It’s a Wonderful Life – Part II   Leave a comment

Every now and then when I meet a new mother who has had a cesarean, or in early September which is the same time of year at which these events occurred, I remember.  I remember the feeling of shock that fall was already on its way–when I thought I was having a summer baby.  I had a due date of August 9th.  But he didn’t come until the 24th.  Then I didn’t get home from the hospital til the 27th.  Then before I knew it Labor Day was at hand.

The yellowing and wilting landscape personified my inner state.

Everything in my world felt like it was spiraling to an end.

I was sleeping again, which was an improvement and an escape.

Eating had started getting a bit better.

So I was functioning on some very basic level, but while the body was healing, the mind definitely wasn’t.

I wasn’t able to define it until several years later, but I was dealing with post traumatic stress disorder brought on by an unexpected cesarean at the end of a 30 hour labor with my son.

I had planned the birth of my first baby very carefully and thought I had the best care providers I could find.  All was well until I went past the time limits they were comfortable with.  Then my nurse midwives began to tell me I was too tired to go on, and their support for my natural birth went out the window.
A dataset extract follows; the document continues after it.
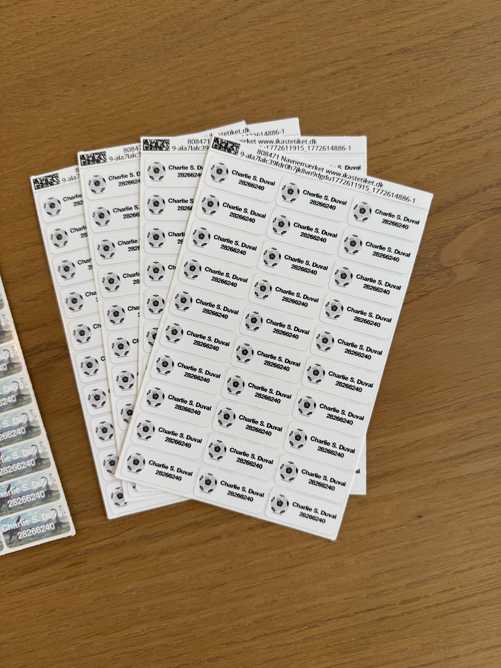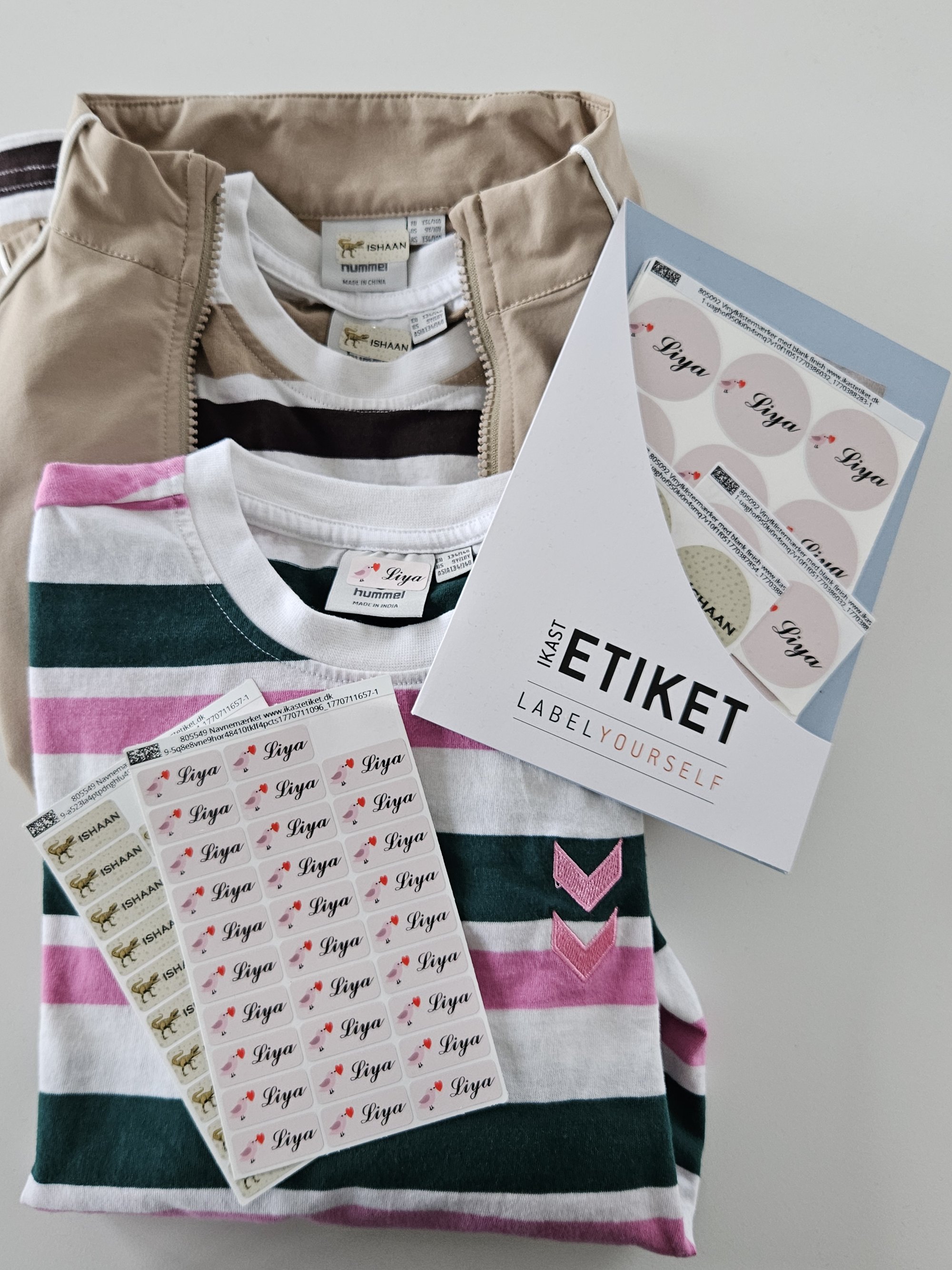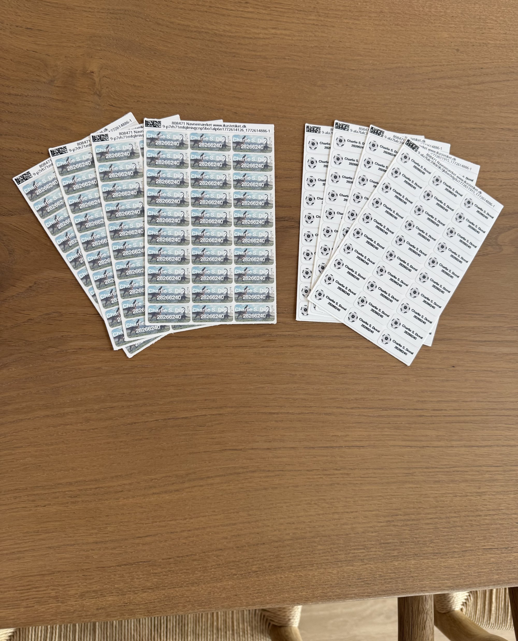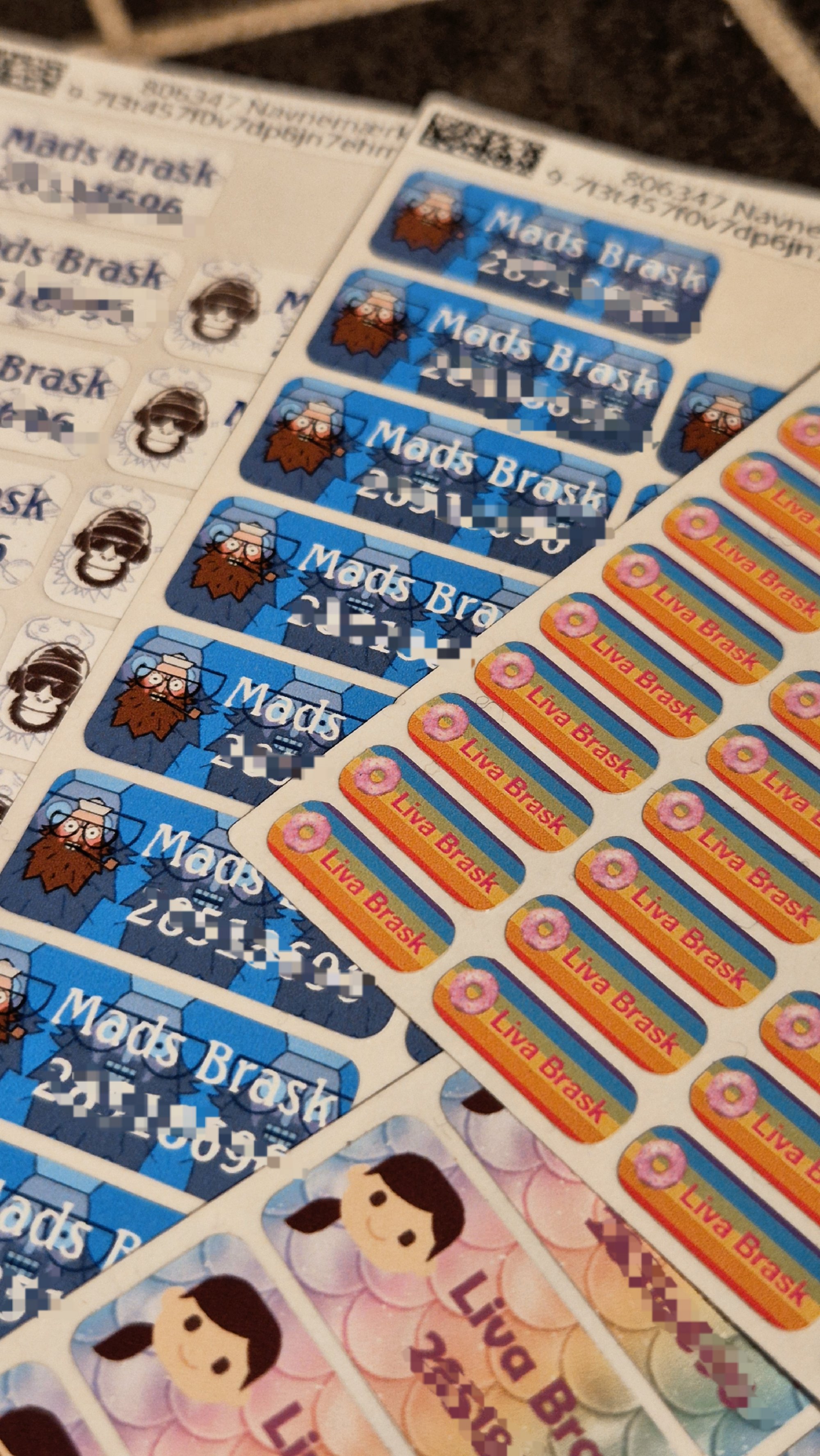 Navnemærker og klistermærker der skaber overblik i garderobe og skoleliv

I ended up in the ER an hour later, with a general anesthesia, for what they called an emergency cesarean.

That is not a good start for any major life transition, and it completely rocked my world.

I won’t define post traumatic stress in this post, but there is plenty of good information about what it is and what causes it on the net.  Suffice it to say, between new motherhood, the changes in hormones, a traumatic birth, the physical recovery from that birth, and wanting to generate positive feelings for my new son, and not having them–I was a big mess.
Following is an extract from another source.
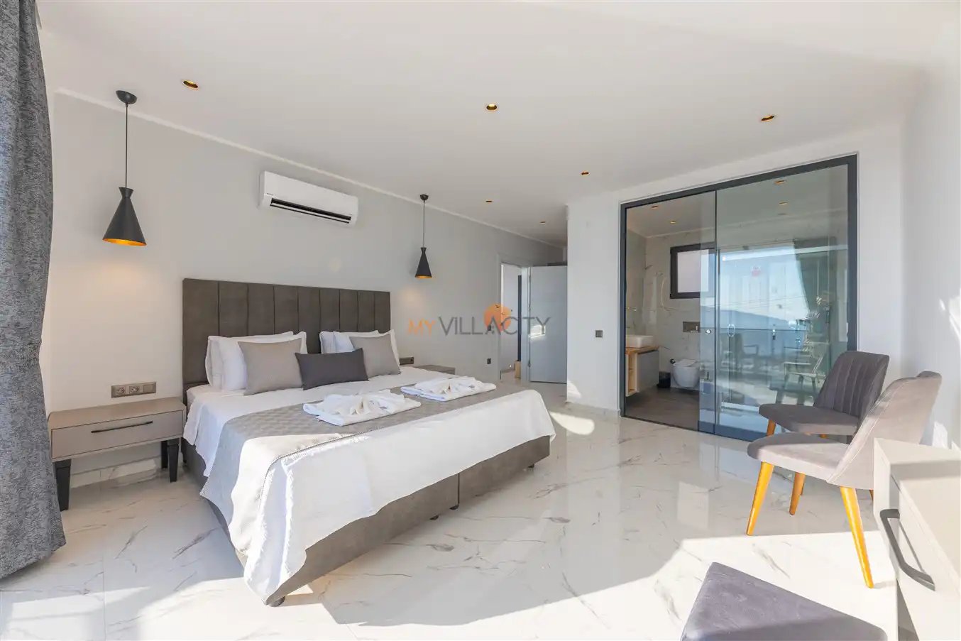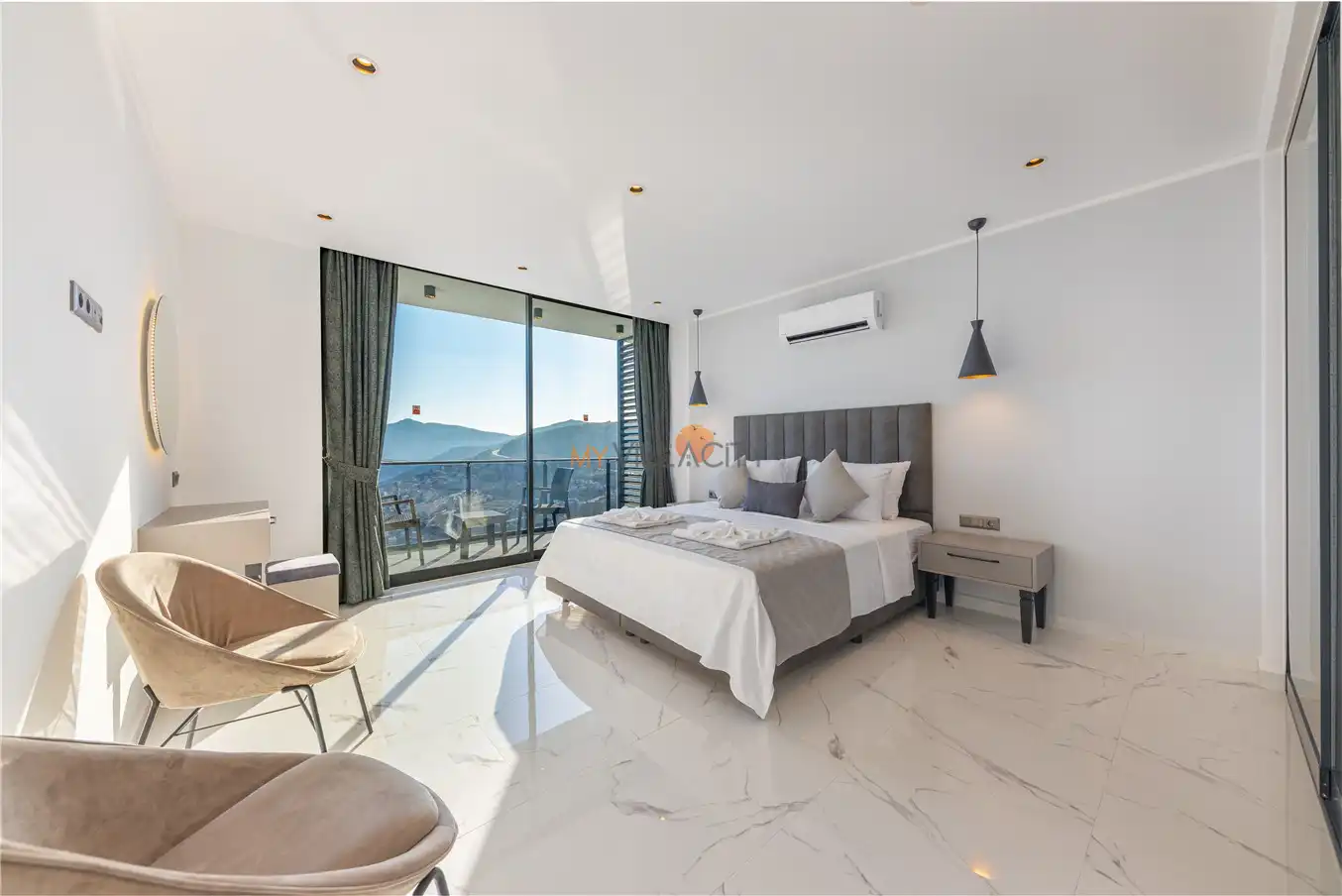 - 1 Çift Kişilik Yatak, 1 Banyo/WC, 2 Komodin, Elbise dolabı, Makyaj Masası, Klima,

I really thought the world had come to an end.

It’s been twenty years now, and I’m happy to say that I was wrong.

It had not.

The reasons it did not come to an end were several: my husband, my parents, and some friends.  They were worth more than their weight in gold.  They were much more helpful than the counselor I saw for a month or two.  They were more important even than the medication I was given that let me finally sleep after a week with no sleep, and of course, that’s saying a lot.
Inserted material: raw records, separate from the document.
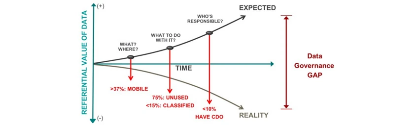 데이터로 인해 얻을 수 있는 효과와 실제 얻고 있는 효과의 차이를 데이터 거버넌스 갭이라고 한다. 거버넌스 갭은 세 가지 유형으로 발생한다. (출처: Hitachi Vantara)
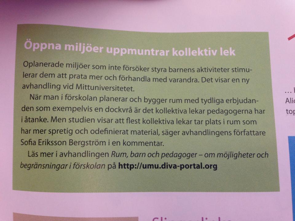Ett litet tips på en doktorsavhandling av Sofia Eriksson Bergström på pedagogiska institutionen vid Umeås Universitet Rum, barn och pedagoger -om möjligheter om begränsningar i förskolans fysiska rum.
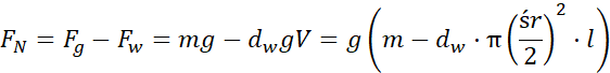 Siła naciągu liny jest różnicą ciężaru batyskafu i siły wyporu wody:
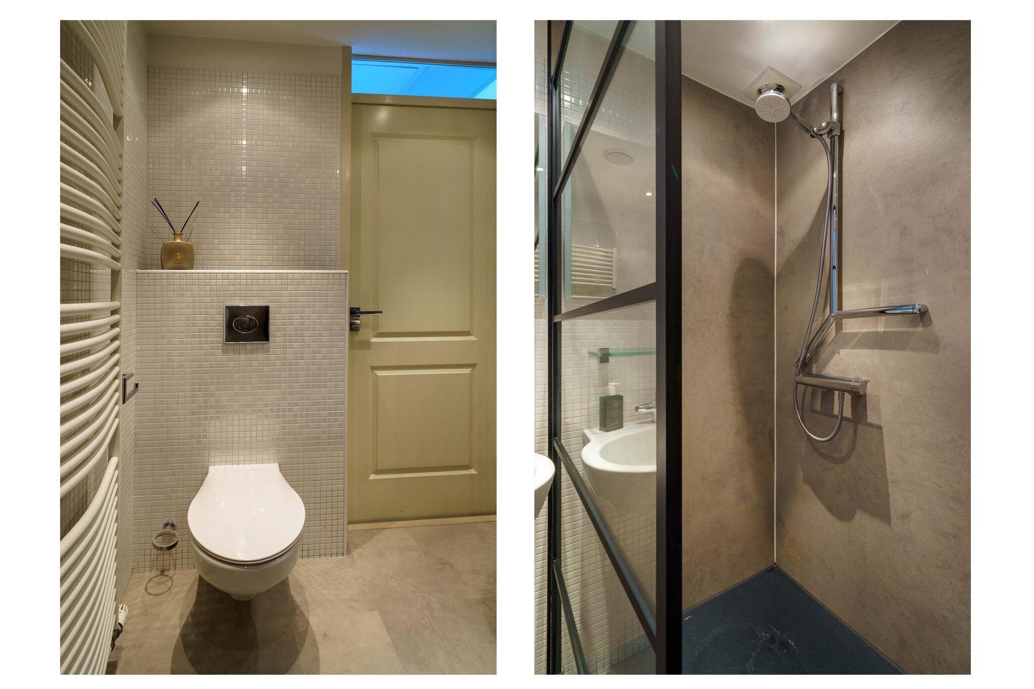 - Moderne badkamer v.v. inloopdouche, 2e toilet en wastafelmeubel;
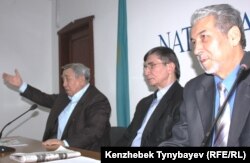 Солдан оңға: Кәрішал Асан-Ата, Жасарал Қуанышәлі және Хасен Қожа-Ахмет. Алматы, 28 желтоқсан 2010 жыл.
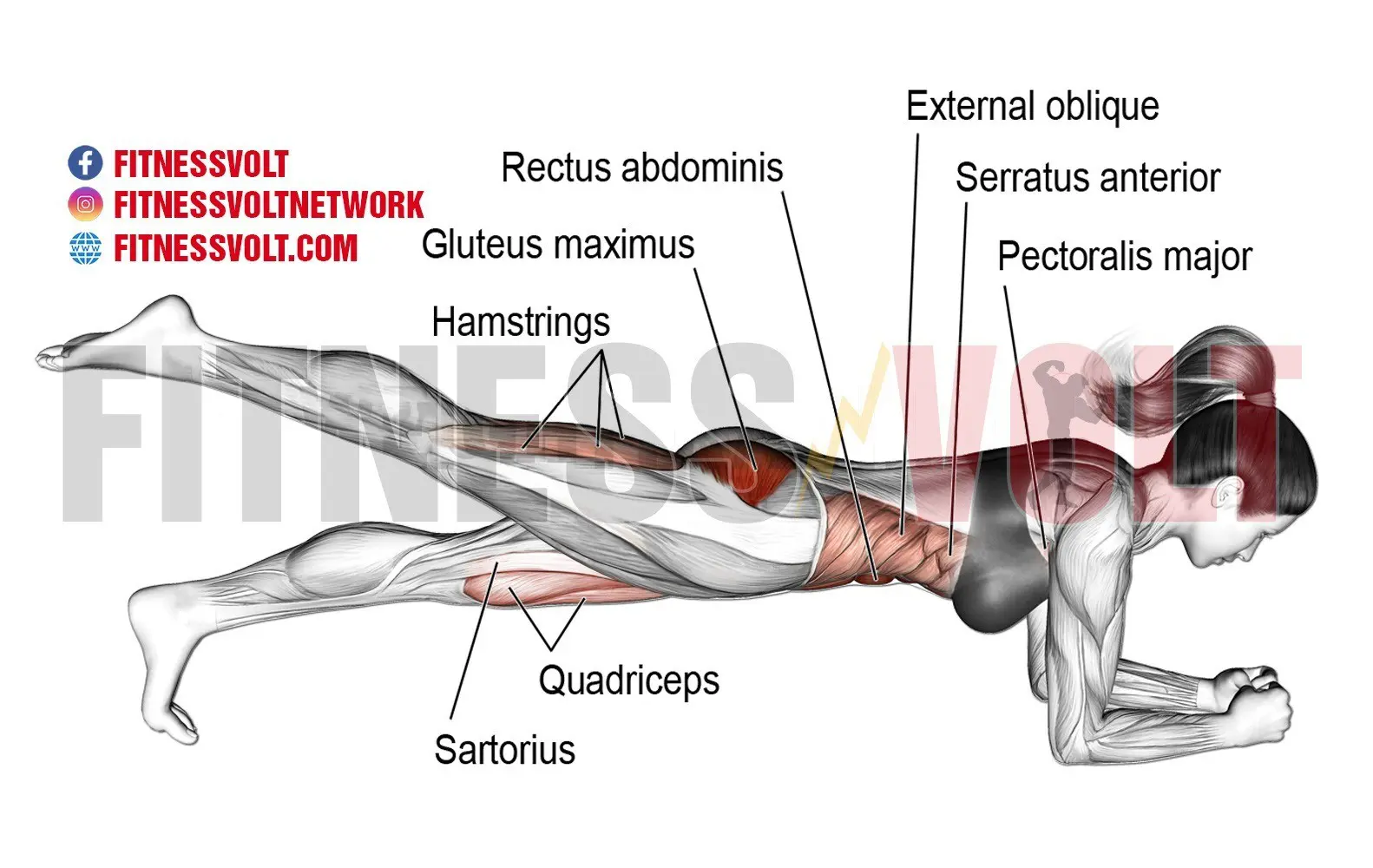 The one-leg front plank is an awesome core exercise which works your abdominals, obliques, and also your spinal erector muscles. They are one of the best exercises you can do for core strength and muscle building, so it’s recommended for everyone as a safe exercise.

These people were the reason because they kept on loving me and telling me the truth–that I would get better and that reality as I saw it was not reality.  Some of these friends took time every single week for months to call me.  They asked how I was doing, listened to and helped carry my despair, but kept encouraging me.

My husband put up with all my junk and kept on taking care of me, and of our baby, encouraging me to do normal things like go for walks, make dinner, go to church, with the assumption that one day, things would snap back to the reality I was actually living in, which was that everything was OK, even if I didn’t currently think it was.

So–

I have a life now, 20 more years of it, that I wouldn’t have lived if I had had my way and put an end to it.

Thank God for his indescribable gift.  It really is a wonderful life.